I'm a big fan of amaretto, so I wanted to share this almond-forward, boozy hot chocolate recipe. If you've never had amaretto before, you're missing out! Amaretto is a sweet almond-flavored liqueur whose nutty notes pair well with rich hot chocolate.
Why You'll Love This
I mean, look at that...warm amaretto spiked hot chocolate topped with whipped cream and salted caramel. So good! Let's talk about what makes this recipe special:
- The base of the recipe comes from my go-to hot chocolate recipe that is rich, creamy, and delicious.
- A touch of amaretto and a pinch of salt elevates the flavors of the chocolate without tasting too alcoholic or sweet.

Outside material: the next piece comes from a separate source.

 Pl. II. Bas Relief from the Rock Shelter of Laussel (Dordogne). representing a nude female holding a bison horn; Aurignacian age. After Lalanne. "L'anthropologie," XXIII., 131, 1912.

- Whipped cream, salted caramel, and optional toppings like slivered almonds and chocolate curls, make this hot chocolate one you'll be sure to remember! It's especially fantastic served on a special date night, Valentine's Day, or winter gathering.
What is Amaretto?
I don't know about you, but I love amaretto. Ever since I discovered its use in tiramisu, I've been hooked! Maybe you're into an amaretto sour; or maybe, you're like one of the many people who have a dusty old bottle of the liqueur on your shelf. Or, maybe, you're like me, and you love amaretto too! Personally, I think amaretto is so underrated! It's sweet, nutty, and so smooth.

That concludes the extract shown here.